# ACTION ITEM:
Pictures stay out. Extract the lines below from the first one through the line with "This document discusses", both included.

Recorded data
◇ ◇ ◇ ◇ ◇
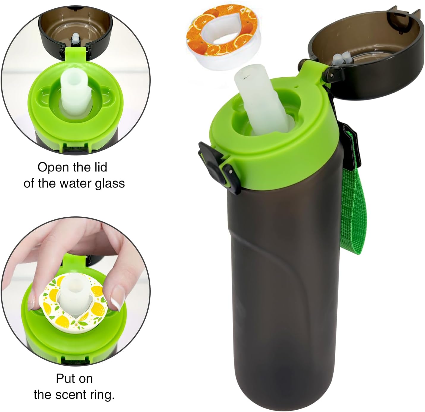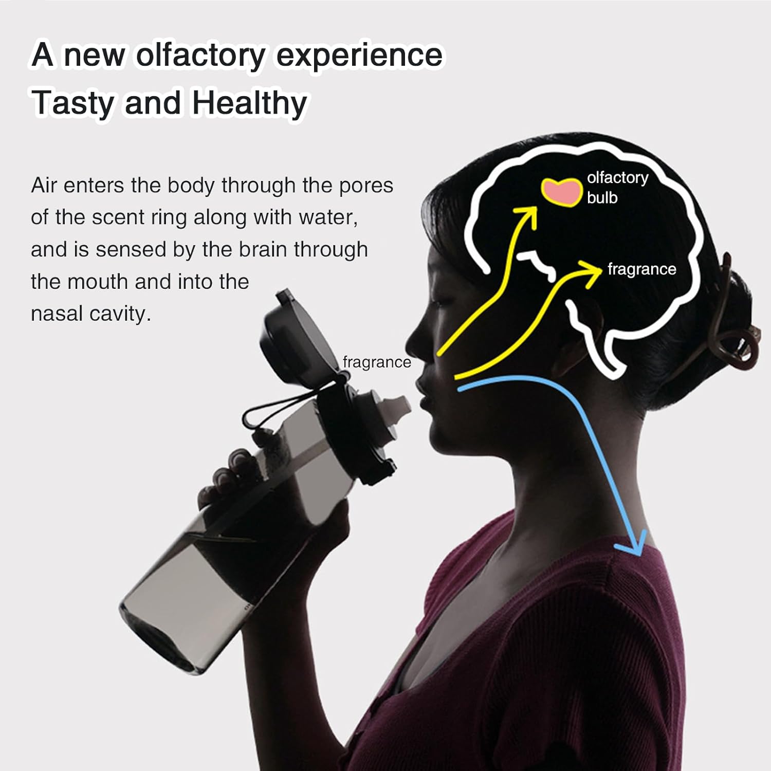 【0% SUGAR, 0% CALORIES】Air water bottle fragrance ring design adds refreshing fruit aroma to drinking water, making it more appetizing and enjoyable,Harnesses the power of scent and cognitive conditioning to make drinking water a more attractive and rewarding habit,so, This motivational air water bottle helps reduce calorie and sugar intake from other beverages, leading to lower risk of obesity and related health issues
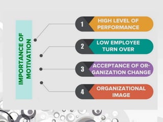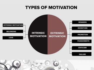 This document discusses motivation in the workplace. It begins by defining motivation and explaining that motivation can be intrinsic, arising from internal factors, or extrinsic, arising from external rewards or punishments. It then lists some key factors that affect employee motivation, both positively such as achievement, growth, and responsibility, and negatively such as company policies and personal life. The document concludes by outlining several motivation techniques for managers to use, including asking for employee input, validating good work, celebrating milestones, and offering an incentive program.
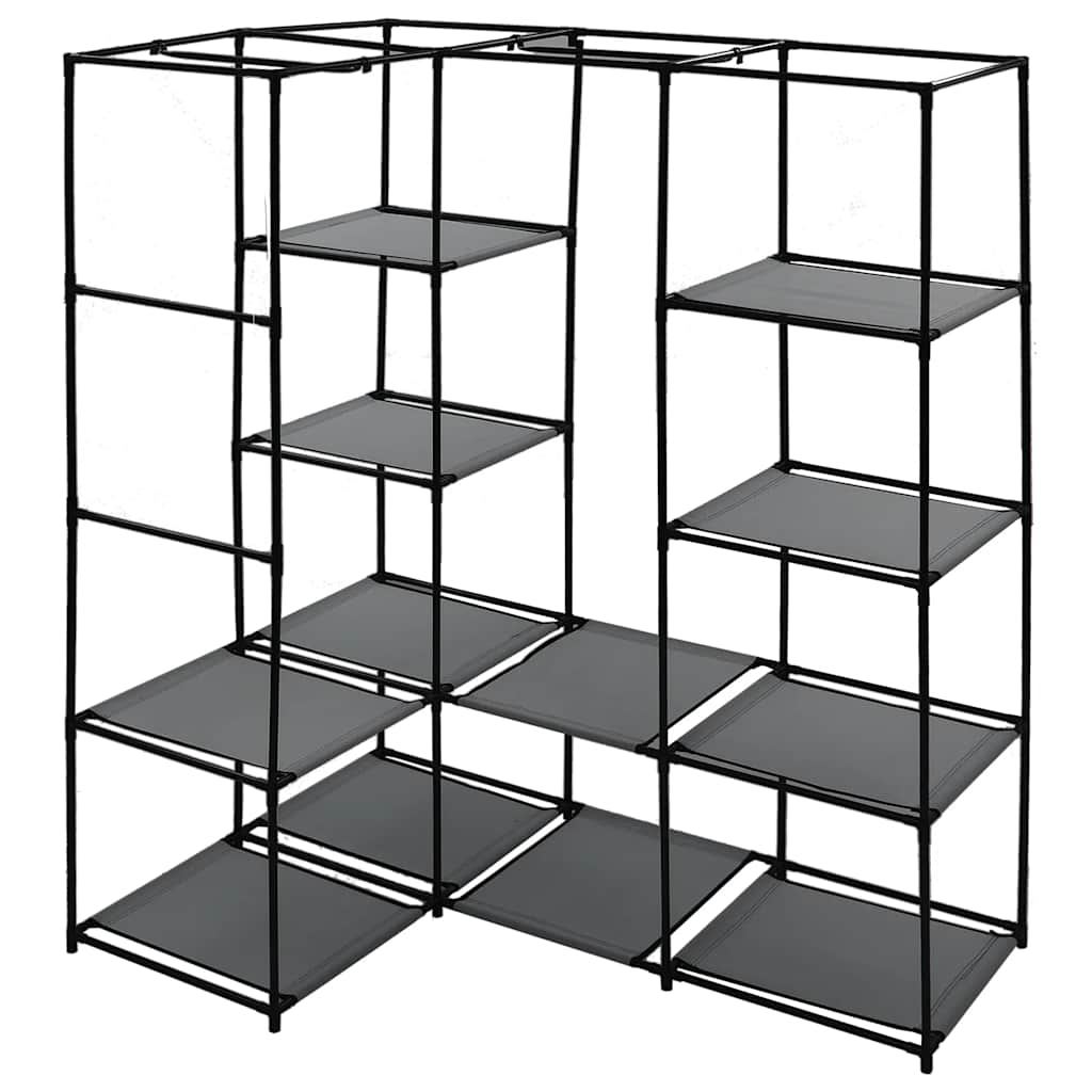 Dulapul pentru haine este prevăzut cu un cadru robust din fier, fiind extrem de durabil. Comparativ cu un dulap din material textil obișnuit, structura acestui șifonier de colț din material textil este și mai stabilă. Acest șifonier care economisește spațiu optimizează utilizarea unui colț de cameră și, prin urmare, oferă spații de depozitare mari și opțiuni de agățare, pentru a vă păstra gențile, încălțămintea și obiectele mici organizate și la îndemână. Husa din material textil cu fermoare vă va proteja hainele de murdărie și praf.
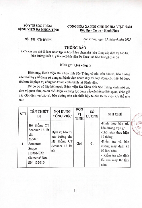 THÔNG BÁO v/v xin báo giá để làm cơ sở lập kế hoạch lựa chọn nhà thầu cung cấp dịch vụ bảo trì, bảo dưỡng thiết bị y tế cho Bệnh viện Đa khoa tỉnh Sóc Trăng
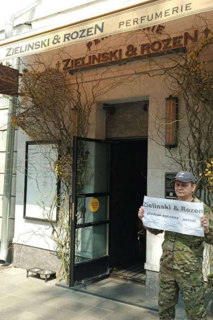 Російська компанія Zelienski & Rozen, що належить ймовірному контрабандисту-втікачеві з нібито російським паспортом Сєяру Куршутову та його дружині, громадянці Білорусі Катерині Любчик, офіційно заявила про підтримку України й відправила на фронт мило та парфуми свого бренду. У рашці з цього добряче пригоріло — обурені «патріоти», повідомляє "Фраза", схоже, влаштували протести під магазином Zelienski & Rozen, звинувачуючи в тому, що вони «убівают русскіх дєтєй» (див. фото).
◇ ◇ ◇ ◇ ◇
# SOLUTION TO THIS EXERCISE:
 【0% SUGAR, 0% CALORIES】Air water bottle fragrance ring design adds refreshing fruit aroma to drinking water, making it more appetizing and enjoyable,Harnesses the power of scent and cognitive conditioning to make drinking water a more attractive and rewarding habit,so, This motivational air water bottle helps reduce calorie and sugar intake from other beverages, leading to lower risk of obesity and related health issues
 This document discusses motivation in the workplace. It begins by defining motivation and explaining that motivation can be intrinsic, arising from internal factors, or extrinsic, arising from external rewards or punishments. It then lists some key factors that affect employee motivation, both positively such as achievement, growth, and responsibility, and negatively such as company policies and personal life. The document concludes by outlining several motivation techniques for managers to use, including asking for employee input, validating good work, celebrating milestones, and offering an incentive program.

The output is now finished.